‘Reacher’ Creator Lee Child Explains Neagley’s Expanded Role in the Series

Reacher needs someone to bounce off, after all.

Frances Neagley (Maria Sten) examining a key in Reacher Season 2
Image via Prime Video

THE BIG PICTURE

 The addition of the character Sergeant Frances Neagley is a strategic decision to provide exposition and engage the audience in a visual medium, as Reacher’s internal monologues in the novels are difficult to portray on screen.
 The Reacher novels can be read in any order, which influenced the decision to adapt different books out of order for the TV series. The goal is to build depth and complexity for the character of Reacher.
 The third season of Reacher is currently being produced in Toronto, and the show can be streamed on Prime Video.

Although Reacher is a one-man band, the show has been bolstered by the presence of additional characters to bounce off Alan Ritchson‘s turkey-fisted vigilante, and none has made more of an impact than Maria Sten‘s Sergeant Frances Neagley — who will return for the upcoming third season. Neagley is portrayed, in the series, as Reacher’s closest confidante, the one he goes to if he needs answers. But that’s not the case in Lee Child‘s novels, so why is Neagley so much more involved in the TV series?

There is a tacit acknowledgment that Reacher is a lone wolf, and a very internalised figure. That’s something you can get away with in a series of novels. But internal monologues are hard to do if you want to keep the audience engaged in a visual medium, so the best thing to do is to have a Basil Exposition character, which is where Neagley comes in.

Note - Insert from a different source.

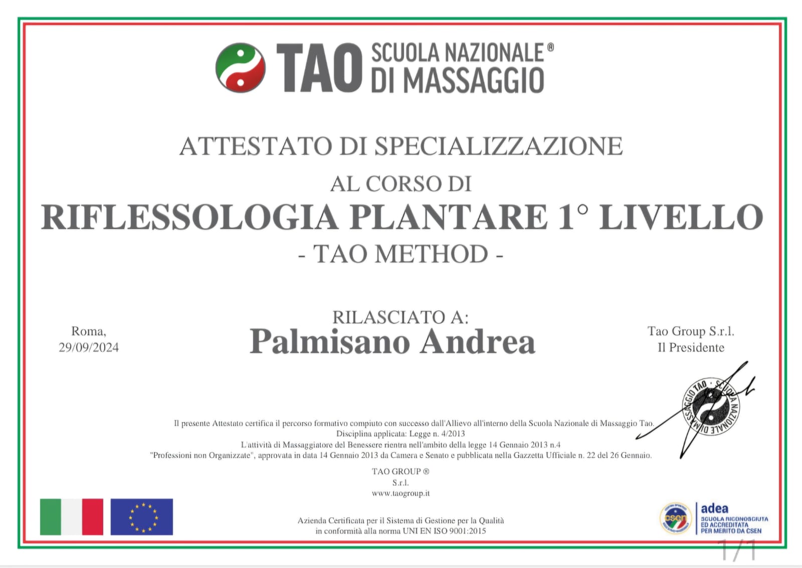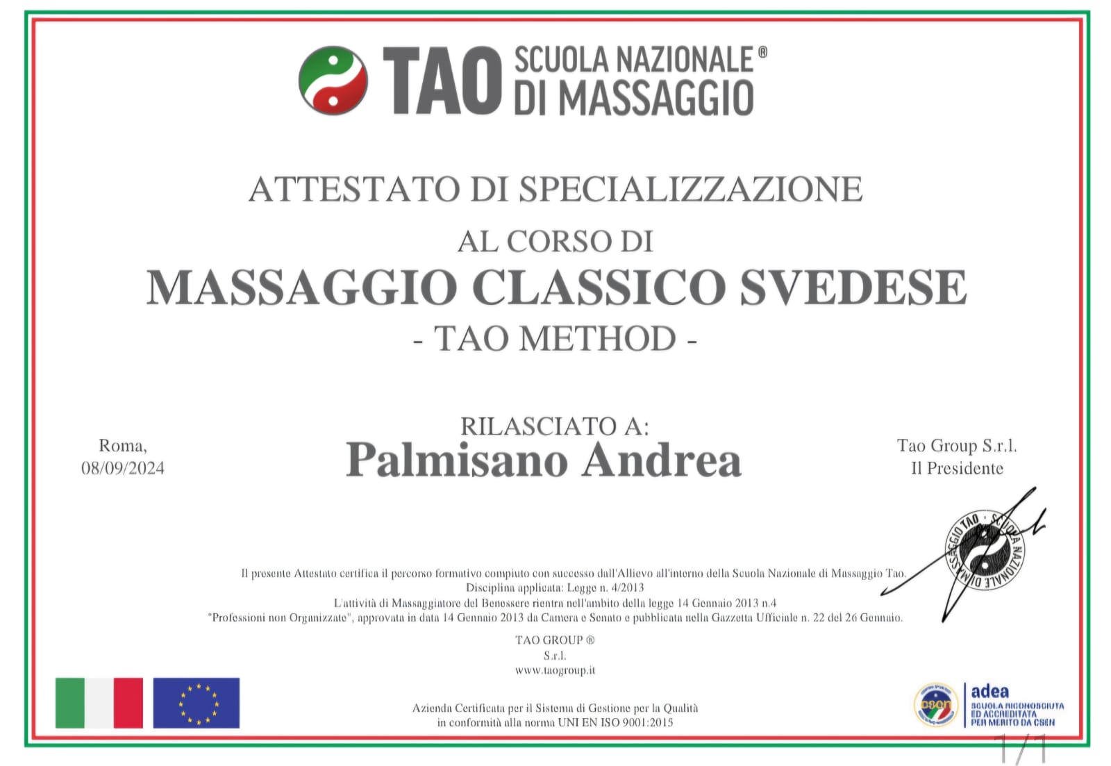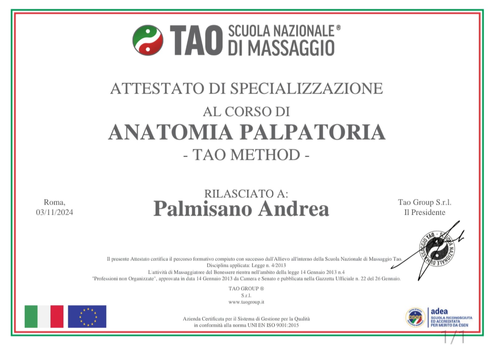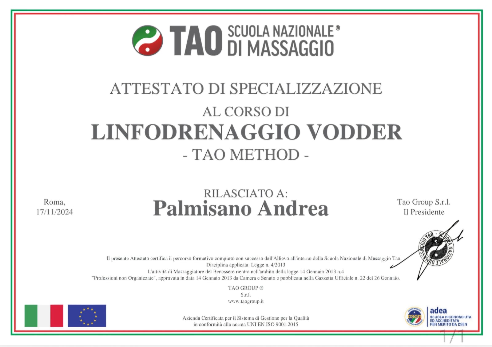 La mia formazione proviene dalla Scuola TAO Massaggi Nazionali

Although the character isn’t a regular in the novels, and doesn’t even appear in Killing Floor, upon which the first season was based. Child, speaking with Empire, expanded on the reasons behind it.

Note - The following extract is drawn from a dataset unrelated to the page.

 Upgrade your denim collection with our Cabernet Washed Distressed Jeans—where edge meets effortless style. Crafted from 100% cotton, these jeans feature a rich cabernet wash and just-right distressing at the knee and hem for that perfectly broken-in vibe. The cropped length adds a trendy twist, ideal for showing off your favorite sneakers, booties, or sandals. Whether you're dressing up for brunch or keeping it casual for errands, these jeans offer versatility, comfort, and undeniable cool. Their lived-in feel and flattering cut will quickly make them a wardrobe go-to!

“Neagley was a strategic decision. The one thing you cannot do on screen that you can in a book is have the inside of somebody’s head. Reacher thinks a lot, and there are pages and pages of Reacher puzzling things out. You can’t write an eight-minute scene with Alan Ritchson sitting there, thinking. So we needed a secondary character to bolster the exposition.”

In What Order Are The ‘Reacher’ Books Adapted?

Alan Ritchson on the phone in Reacher Season 2Image via Prime Video

As for the ordering of the series — it kicked off with Killing Floor as the basis for the first season, which was the first book, but then Season 2 was suddenly book 7 — there’s a reason for that too. The Reacher novels can be read in any order, to a point, without a great deal of further knowledge. The logic behind that decision-making came down to something simple: building Reacher out as a character and adding depth to the big ol’ beefcake.

“There was no reason to do them in order,” Child says. “We had massive discussions about it. The thinking went like this: Killing Floor introduces Reacher as a person. So, which book shows his professional life, and what he did while he was in the Army? The result was Bad Luck And Trouble.”

Reacher streams on Prime Video. Production of the third season is currently underway in Toronto.